Happy New Years, everyone!
Performing a detailed and regular analysis of personal finances sucks. It’s also indescribably important if you want to retire early and with confidence that you’re really ready.
So after a 2 year hiatus and many requests from the awesome and loyal readers of this site, I’ve decided to bring back my monthly financial reports that I used to write. I quit writing them in January 2012 because, well, they were boring for me to write and they started to all look the same. At the time I didn’t think much of the decision, but it’s been two years and I still get requests from both new and old readers to bring them back. The public has spoken.
With that said, I do plan on making a few changes to the content and format.
First, I’ll no longer be publishing my salary from my 9-5 job. This is because it varies so much from month to month that it can be misleading or confusing. Some months I get 2 paychecks, others I get 3. Other times I’ll get bonuses or vested stock option.

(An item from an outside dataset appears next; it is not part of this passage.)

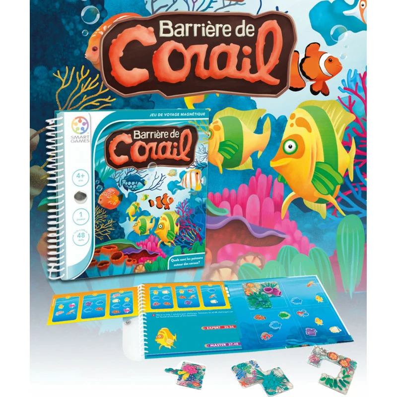 Placez les quatre tuiles aimantées «coraux» de manière à ne laisser visibles que les espèces marines indiquées dans le défi choisi. Barrière de corail est un jeu de réflexion pour toute la famille proposant 48 défis du plus simple au plus compliqué. Barrière de Corail est un jeu de voyage idéal !
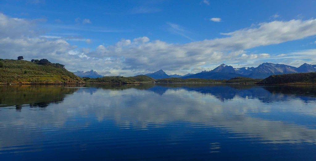 «Dividing the island [of Isla Navarino] in two unequal halves, the craggy Cordón de los Dientes (with peaks rising over 1000m), shelters the narrow northern coast from the southerly storms. The larger southern half of … [the island] is a roadless expanse of subarctic tundra with hundreds of mooreland ponds and the large lakes of Windhond and Navarino.»

And while all this variation occurs, it means absolutely nothing towards my real goal of retiring and living comfortably on my passive income. This is why I only want to focus on my passive income and any money my wife and I make on the side doing things we enjoy.
Second, I’ll no longer be publishing my total net worth. When I started out this early retirement journey, I published my net worth because I had just read Your Money or Your Life and Early Retirement Extreme, which mostly concentrated on the 3% Safe Withdrawal Rate strategy (SWR). In other words, my ability to retire was directly proportional to my net worth, not my passive income. In the past 2.5 years however, I’ve spent a lot of time transitioning my investments to dividend stocks, interest yielding bonds, real estate investments, and other income generating investments. So now I prefer to track my actual passive and enjoyable income, rather than a fictional (although empirically reasonable) SWR.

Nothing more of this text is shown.